The results showed that apalutamide was associated with a 33% reduction in the risk of death (95% CI 0.51-0.89), although median OS had yet to be reached in either treatment arm. Treatment with apalutamide led to a 20% absolute difference in rPFS at 24 months (68% vs 48%), representing a 52% reduction in the HR (95% CI 0.39-0.60, P<0.0001). The ADT-placebo group had a median rPFS of 22.1 months, whereas the median had yet to be reached in the apalutamide group.

Time to initiation of cytotoxic therapy increased significantly (P<0.0001) with apalutamide, and all other secondary endpoints favored the combination arm, said Chi.

Rates of adverse events (all grades, grade 3/4, and serious) were similar between treatment groups.
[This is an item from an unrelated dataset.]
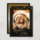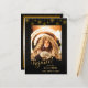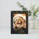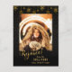 Faíscas de ouro elegantes e festivas e flocos de neve em fundo preto com gráfico de texto caligrafia "Rejoice" e três linhas de texto editável com um lugar para sua foto de feriado. Padrão complementar do floco de neve no verso com campos de texto para seu endereço e saudação.

Health-related quality of life did not differ significantly between the apalutamide and placebo groups.

The TITAN results added to evidence that combining ADT with chemotherapy or androgen-targeted therapy improves survival in mCSPC, said ASCO invited discussant Michael Carducci, MD, of Johns Hopkins Kimmel Cancer Center in Baltimore.

"Androgen deprivation therapy and apalutamide for hormone-sensitive prostate cancer improved survival, thus reinforcing the standard of ADT plus a single agent, whether it be docetaxel, abiraterone, enzalutamide, and now apalutamide," he said.

Carducci noted that the subgroup analysis showed certain groups did not appear to benefit as much or at all from apalutamide: patients with visceral disease, low disease volume, prior docetaxel therapy, and older patients (ages >75).

"This disease state -- metastatic hormone-sensitive prostate cancer -- is broadly heterogeneous, and the treatment benefit we offer with these drugs is not consistent in all the subsets," he said. "We really have to do a better job ... to get better predictors of which patients will respond to which drugs. We're still not sure which drug to use when."